"""

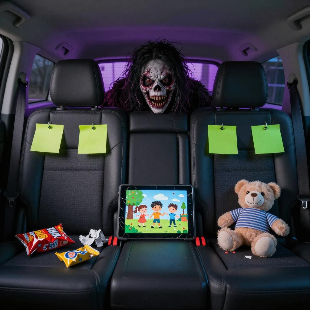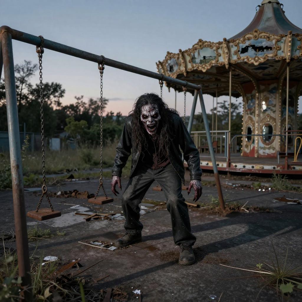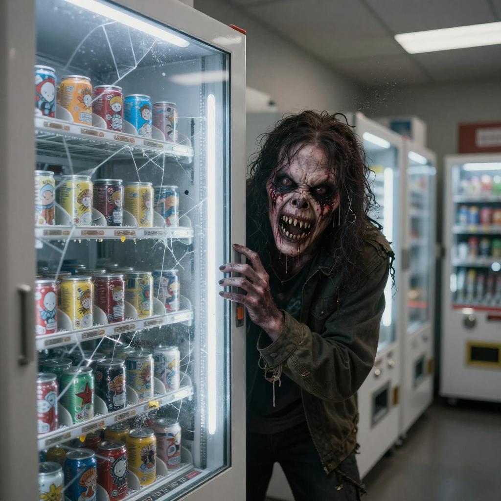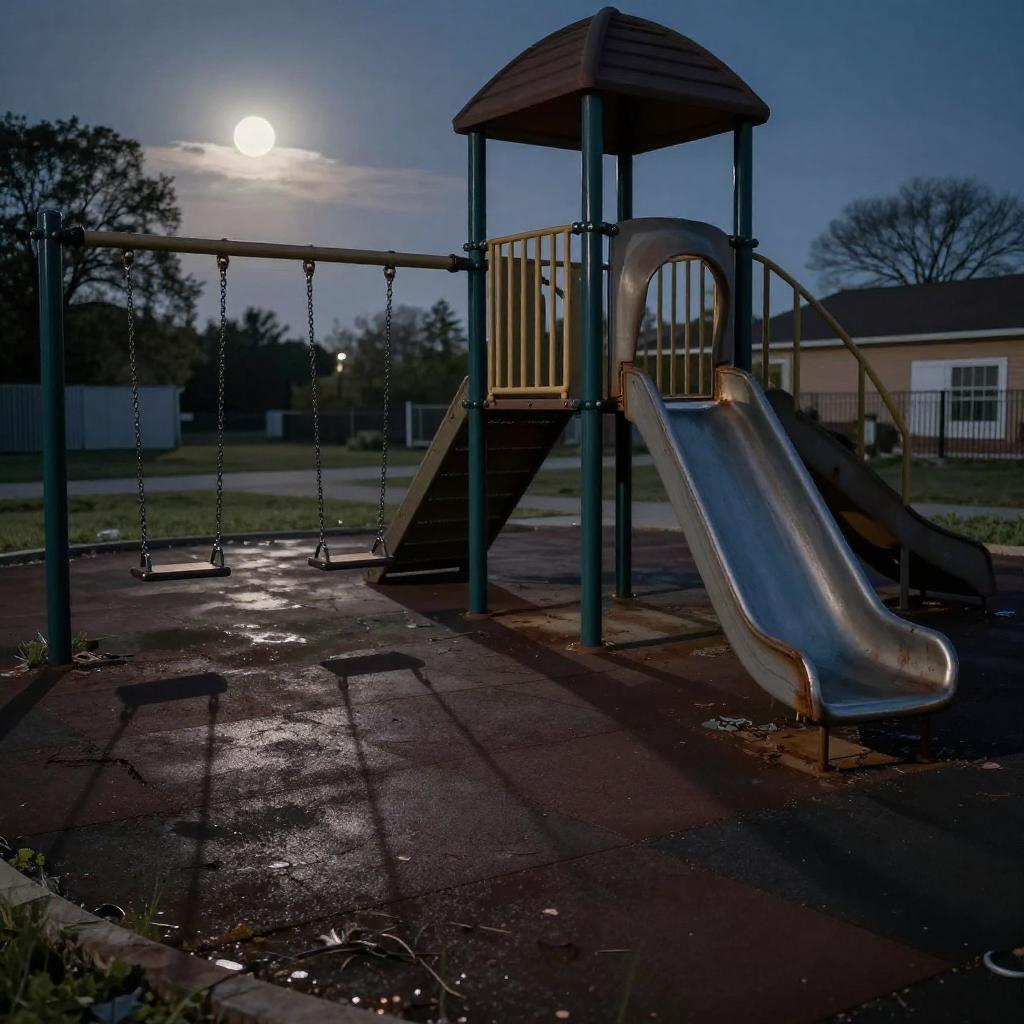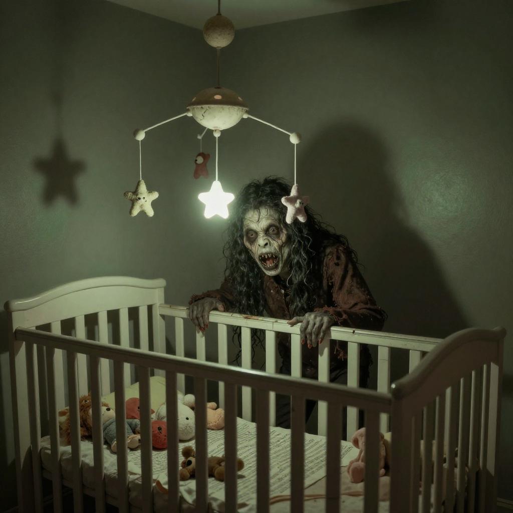 A horrifying monster lurking in storage closet beneath bleachers (stacked lost-and-found kids' jackets, damp paper trophies, forgotten sports equipment), neon lighting
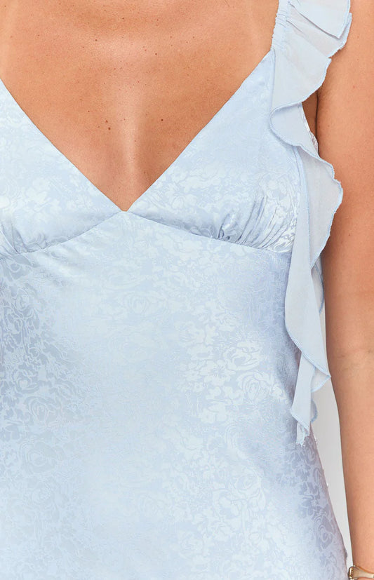 Romantic Light Blue Jacquard V-Neck Ruffle Tiered Open-Back Floor-Length Mermaid Prom Dress
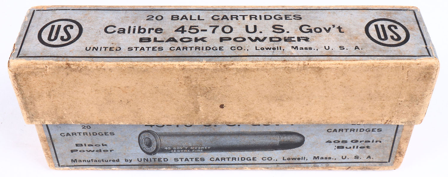 U.S. Cart. Co., ,45-70 U.S. Gov't, black powder, 405 Gr. Bullet, 2pc, Full, buff box with blue label, box is solid with light age soiling, rub marks &, edge wear, ammo is very good. Grade: Very Good ++ - Value: 40 to 80
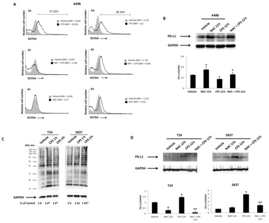 CPS influences PD-L1 protein levels via ROS production. (A) ROS generation in A498 cells pretreated with NAC for 1 h and then treated with 50 μM CPS for up to 24 h. Cells were stained with DCFDA before flow cytometric analysis. MFI = mean fluorescence intensity. (B) Immunoblot representative of PD-L1 expression in A498 cells pretreated with NAC and then stimulated with CPS for 12 h. PD-L1 densitometry values were normalized to GAPDH, used as the loading control. Data are expressed as the mean ± SD; * p < 0.05 vs. vehicle-treated cells, # p < 0.05 vs. CPS treated cells. (C) Carbonyl groups generated by oxidative stress were subjected to DNPH derivatization, and increases in oxidatively modified proteins were detected with an antibody against DNP after size fractionation followed by Western blotting. Quantification of total protein carbonylation was performed, normalizing the densitometry values to GAPDH, used as the loading control. The image is representative of three independent experiments; * p < 0.01 vs. vehicle-treated cells. (D) Immunoblot representative of PD-L1 expression in T24 and 5637 cells pretreated with NAC and then stimulated with CPS for 12 h. PD-L1 densitometry values were normalized to GAPDH, used as the loading control. Data are expressed as the mean ± SD; * p < 0.05 vs. vehicle-treated cells, # p < 0.05 vs. CPS treated cells. Detailed information about the Western blotting can be found in Figure S9.
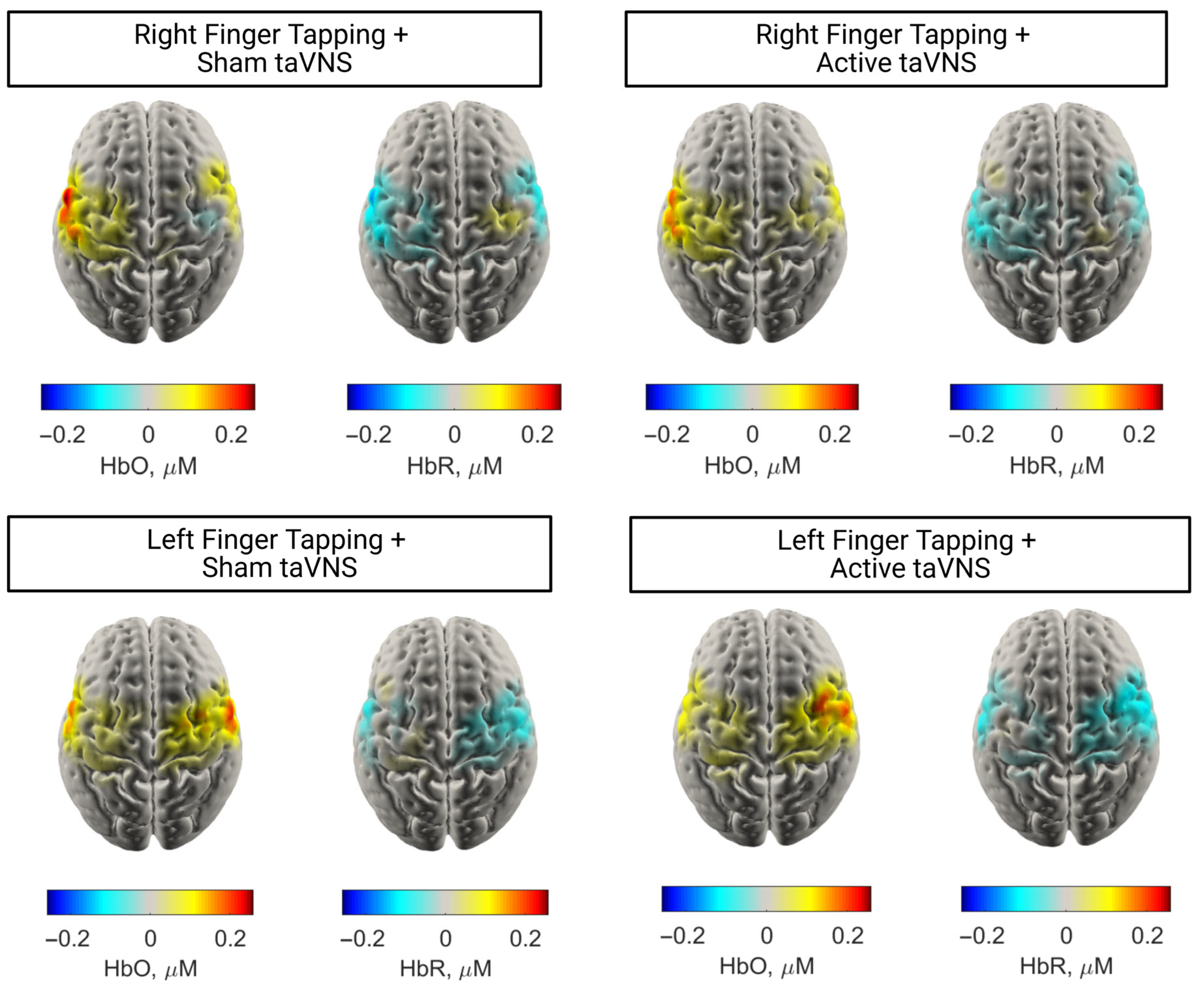 To visualise the cortical distribution of task-evoked responses, group-level HbO activation maps were generated for right-hand finger tapping execution under both sham and active taVNS conditions. These maps represent the average HbO and HbR concentrations during the task period, 10–20 s post-stimulus onset.
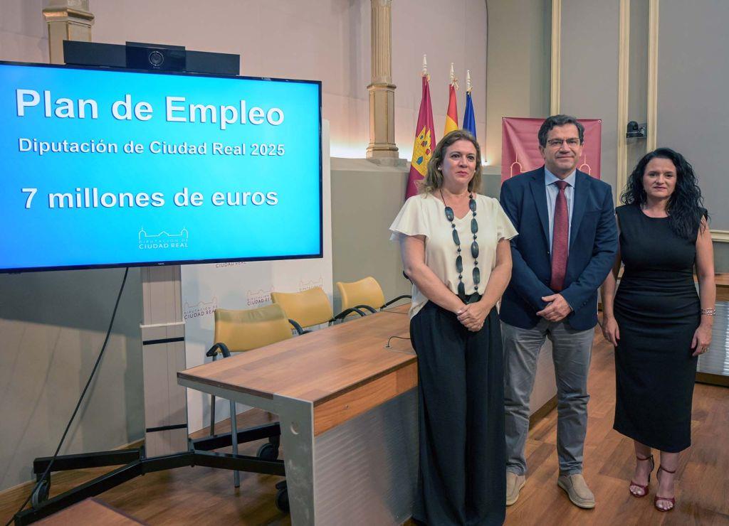 El presidente de la Diputación de Ciudad Real, Miguel Ángel Valverde Menchero, ha presentado esta mañana un Plan de Empleo propio de la institución provincial para 2025, que contará con una dotación económica de 7 millones de euros y permitirá la contratación directa de más de 1.000 personas desempleadas en la provincia. Valverde, que ha estado acompañado por la vicepresidenta responsable de Promoción Económica, Rocío Zarco, y por la vicepresidenta del área de Asistencia a Municipios, Maribel Mansilla, ha insistido en el carácter autónomo y municipalista del plan, que otorga plena libertad a los ayuntamientos para decidir tanto los perfiles a contratar como los proyectos a desarrollar.
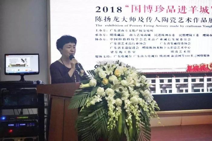 2018年12月1日,“国博珍品进羊城——陈扬龙及传人陶瓷艺术作品展”开幕式在广东省南方文化产权交易所展厅盛大举行。展会展出了中国国家博物馆永久收藏和展出的数十件“薄施淡染”釉下五彩陶瓷珍品。
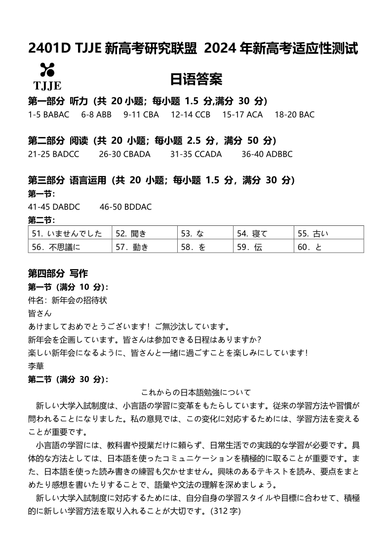 答案++2024届山西省TJJE新高考研究联盟高三上学期1月新高考适应性考试日语
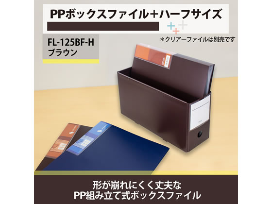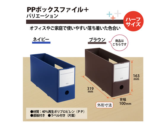 プラス PPボックスファイル+ ハーフサイズ ブラウン FL-125BF-H 76002 1冊(ご注文単位1冊)【直送品】
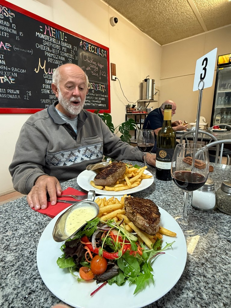 Mundrabilla saw another milestone reached with Allthego notching up 73 years on the road. We celebrated at the RH with a nice scotch filet and a Denmark WA red. All looking foreword to squeezing a few more road trips out of the truck and van.
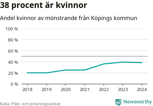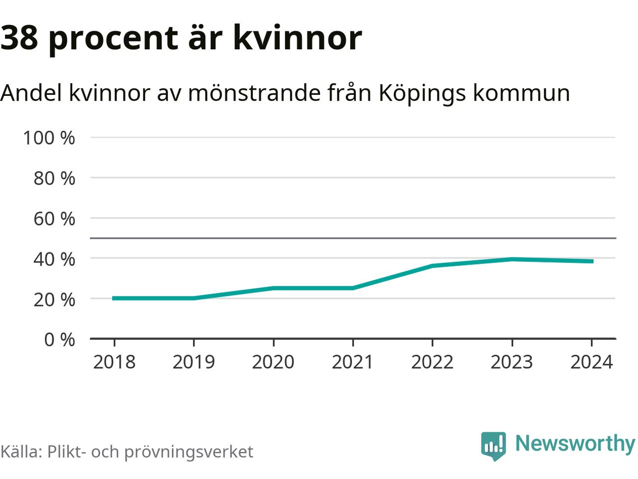 Av de som skrivits in till någon av Försvarmaktens grundutbildningar det senaste året, från juni 2023 till mars i år, kommer 20 (tio män och tio kvinnor) från Köping. 18 av dessa antogs efter att ha kallats till mönstring.
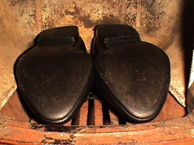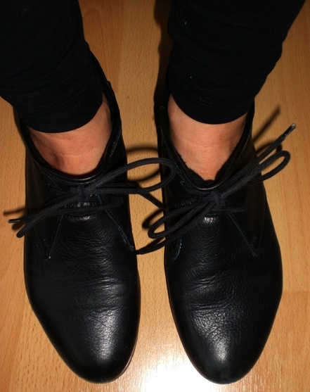 Aber mein größter Favorit sind flache weiche Lederschuhe in Rot oder Schwarz, die ich nach dem erfolgreichen Entreißen aus den Klauen des Müllmonsters zu "Wandertagen" meist noch richtig endfertig "ablatsche". Meine breiten Füße geben ihnen wirklich "den Rest", es ist deutlich zu sehen!

"""

• What is required: When you reach the line containing "答案++2024届山西省TJ" in the listing above, reproduce it and every line after it through the last, exactly; omit the pictures.

• Written response:
 答案++2024届山西省TJJE新高考研究联盟高三上学期1月新高考适应性考试日语
 プラス PPボックスファイル+ ハーフサイズ ブラウン FL-125BF-H 76002 1冊(ご注文単位1冊)【直送品】
 Mundrabilla saw another milestone reached with Allthego notching up 73 years on the road. We celebrated at the RH with a nice scotch filet and a Denmark WA red. All looking foreword to squeezing a few more road trips out of the truck and van.
 Av de som skrivits in till någon av Försvarmaktens grundutbildningar det senaste året, från juni 2023 till mars i år, kommer 20 (tio män och tio kvinnor) från Köping. 18 av dessa antogs efter att ha kallats till mönstring.
 Aber mein größter Favorit sind flache weiche Lederschuhe in Rot oder Schwarz, die ich nach dem erfolgreichen Entreißen aus den Klauen des Müllmonsters zu "Wandertagen" meist noch richtig endfertig "ablatsche". Meine breiten Füße geben ihnen wirklich "den Rest", es ist deutlich zu sehen!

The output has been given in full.